Yerinden etme ve tehcir, yetmişli yılların başında İsrail'de ortaya çıkan ve 2000 yılında yeniden canlandırılan, ismini İsrailli General Giora Eiland'dan alan bir fikirdir. Eski Mısır Cumhurbaşkanı Hüsnü Mübarek de, Binyamin Netanyahu'nun Gazze Şeridi'ndeki yükü ve nüfus yoğunluğunu hafifletmek amacıyla Filistinlileri Sina'ya yerleştirme önerisini yenilediğini söylemişti. Ama Filistin Devlet Başkanı Mahmud Abbas’ın tanıklığıyla, bu projeyi yalnızca Mısır'daki Müslüman Kardeşler ve onun Filistin'deki kolu Hamas kabul etmiş.

Okuyucunun zihnine yerleşmesi için siyasi İslamcı grupların sembollerinin vatan ve vatanseverliğe değer vermediklerini, vatanı bir put olarak adlandırdıklarını tekrarlamalıyız. Seyyid Kutub şöyle derdi: “Vatan bir avuç çürük topraktır.” Ondan önce de Hasan el-Benna şöyle demişti: “Milliyetçilik bir fitnedir” ve “İnsanlar, milliyetçilik çağrısıyla fitneye sürüklendiler.” Yine Benna: “Biz, vatanımızın hudutlarını inanç ve iman ile çizeriz” demişti.
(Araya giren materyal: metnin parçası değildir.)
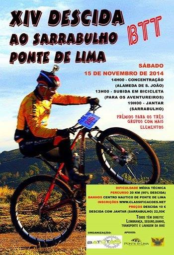 Realiza-se no dia 15 de novembro a XIV Descida ao Sarrabulho em BTT. Esta é a prova maior do Batotas – Clube de Desportos Radicais de Ponte de Lima que desde a fundação do clube, em 1999 promove esta descida radical em BTT, do cimo do monte da Boalhosa até ao Centro Histórico.
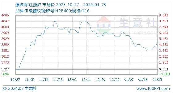1月25日生意社螺纹钢基准价为3884.00元/吨

Ondan sonra Müslüman Kardeşler'in ikinci Mürşidi olan Hasan el-Hudeybi de “Biz Müslüman Kardeşler olarak coğrafi sınır tanımıyoruz” demişti. Daha sonra cemaatin yedinci Mürşidi olan Mehdi Akif ise: “Mısır’ın canı cehenneme” demişti. Hamas liderlerinden Mahmud ez-Zahar, Filistin'in Hamas için hiçbir şey ifade etmediğini söylemişti.

Temel ilke ve fikirleri anlamak olayları açıklar ve siyasi İslam gruplarının vatan ve milliyetçiliğe dair fikirlerini anlamadan da onların siyasal kararlarını anlamak mümkün değildir. Bu terör örgütlerinin yayıldığı birçok Arap ülkesinde yaşanan olayları açıklamaya yardımcı olan bir diğer kavram da “yakın düşmana karşı cihadın, uzak düşmana karşı cihattan daha önemli olduğu” kavramıdır. İşte bu nedenle bu örgütler “Filistin” ve İsrail’le mücadele sloganı altında ülkelerine ve halklarına karşı savaşmayı sürdürdüler. Onlar bu sloganı kullansalar da sadece kendi halklarına ve ülkelerine karşı savaştılar, İsrail'e hiçbir şekilde saldırmadılar.

Son olarak Suudi Arabistan, çok net bir açıklama yayınlayarak, Filistinlilerin anavatanlarından sürülmesi fikrini reddetti. İki devletli çözümü güçlü bir şekilde destekledi. Mısır ve Ürdün de bu fikre karşı çıktı. Bu fikre karşı birleşik bir Arap pozisyonu benimsemek ve bu karşı çıkışa uluslararası destek bulmak kolay olacaktır. Daha önce İsrail ile Müslüman Kardeşler'in kabul ettiği şeyi Filistin halkı ve Arap ülkeleri kabul etmeyecektir.